Proses Kelahiran dan Kondisi Awal
Kepala Balai Konservasi Sumber Daya Alam (BKSDA) Sumatera Selatan, Daniwari Widiyanto, mengonfirmasi bahwa induk bernama Lestari dan pejantan Gapula menjadi orang tua dari anakan tersebut. Dengan pendampingan ketat tim medis serta mahout Sugito, proses kelahiran diperkirakan terjadi pada rentang pukul 06.00 hingga 10.00 WIB, 17 Agustus 2026.
Beberapa saat setelah keluar dari rahim induknya, bayi gajah tersebut langsung menunjukkan kemampuan berdiri tegak dan menyusu secara normal — tanda vital yang mengonfirmasi kondisi fisiknya stabil sejak detik pertama kehidupan.
Intervensi Medis dan Perawatan Pascakelahiran
Karena suhu di area terbuka PKG Jalur 21 saat itu sangat tinggi, tim medis BKSDA Sumsel segera melakukan tindakan penanganan khusus. Petugas menyiapkan naungan (shelter) yang memadai, sekaligus menjamin ketersediaan air minum dan fasilitas mandi guna menjaga stabilitas suhu tubuh serta daya tahan fisik induk dan anakan.
Untuk mempercepat pemulihan fisik Lestari, tim dokter hewan bersama mahout memperketat pengawasan nutrisi harian. Pakan tambahan berupa suplemen buah-buahan turut diberikan guna mendukung pemulihan pasca-proses kelahiran.

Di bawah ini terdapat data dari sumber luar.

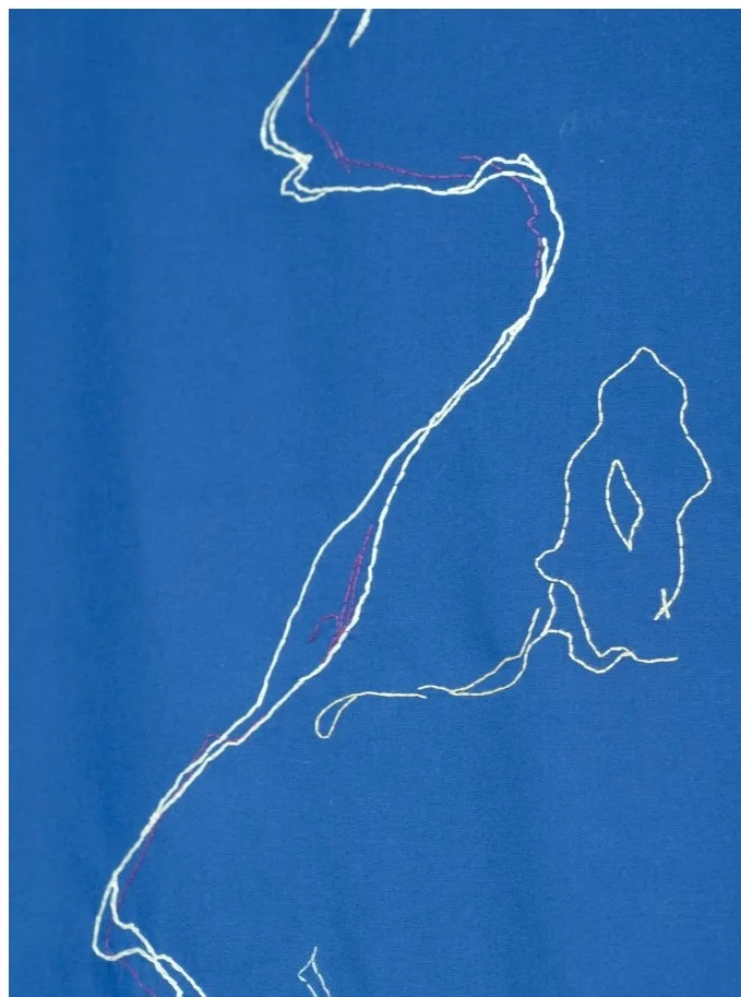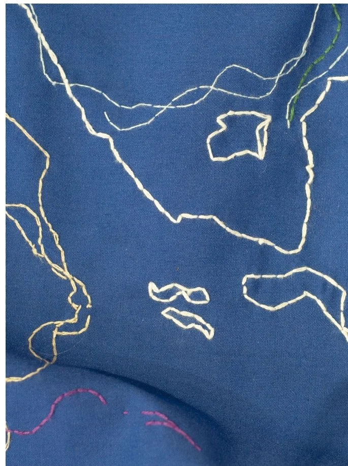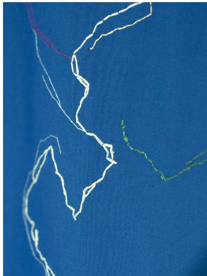 Emerging from a reaction to stress and isolation during the pandemic alongside a renewed reliance on the healing capabilities of being out in nature, this work is part record of time, part appreciation for the waterways that sustain life in the Bow Valley, and part comfort blanket. The Source is a depiction of the Bow River from its source at Bow Glacier along its pathways and tributaries, past my home in Banff, and out towards the foothills. It is a personal map of the river, my experiences of a childhood and life spent on its waters, and a record of the pandemic. Embroidering the 20 feet of fabric became a testament to the solitary time spent during isolation and afterwards. A record of anxiety and social isolation while also being a coping mechanism. Focusing on the river, its changes and its stability, during daily walks and at home while working the project, provided comfort and a link to others, to the Clematis Collective and to our surrounding ecosystems. It became a reason to go outside and a comforting blanket-project inside. The Source, both the river it represents, and the creation of the artwork, became my source of support and stability. It is a length of fabric that records the time spent alone, while also being a record of time spent reconnecting with nature, and a record of reaching out to others.

Pemantauan Intensif 7x24 Jam
Daniwari menegaskan bahwa BKSDA Sumsel memberlakukan protokol pemantauan penuh selama 7x24 jam demi memastikan tumbuh kembang bayi gajah berjalan optimal. Tim di lapangan mencatat secara berkala perkembangan perilaku, respons fisik, serta kondisi fisiologis induk maupun anak, seluruhnya mengikuti standar operasional prosedur (SOP) kesehatan satwa captive yang berlaku di PKG Jalur 21.
"Peristiwa ini merupakan kado alam yang sangat bermakna bagi upaya konservasi satwa dilindungi di Indonesia, khususnya pada momen bersejarah Hari Kemerdekaan."
"Kelahiran ini menjadi bukti nyata komitmen Kementerian Kehutanan bersama BKSDA Sumatera Selatan dalam menjaga kelestarian gajah Sumatera agar terus berkembang biak dan terlindungi secara berkelanjutan di habitatnya."
Kedua pernyataan tersebut disampaikan langsung oleh Daniwari Widiyanto dalam keterangan resmi yang dikonfirmasi dari Jakarta pada Selasa.
Related Reading
Frequently Asked Questions
What is Kado HUT RI Kemenhut umumkan kelahiran?Kado HUT RI Kemenhut umumkan kelahiran is the main topic of this guide. The article explains the context, practical details, and next steps readers should understand.
Why does Kado HUT RI Kemenhut umumkan kelahiran matter?Kado HUT RI Kemenhut umumkan kelahiran matters because readers are looking for a useful answer, not just a short summary. Good content should match search intent and help them decide what to do next.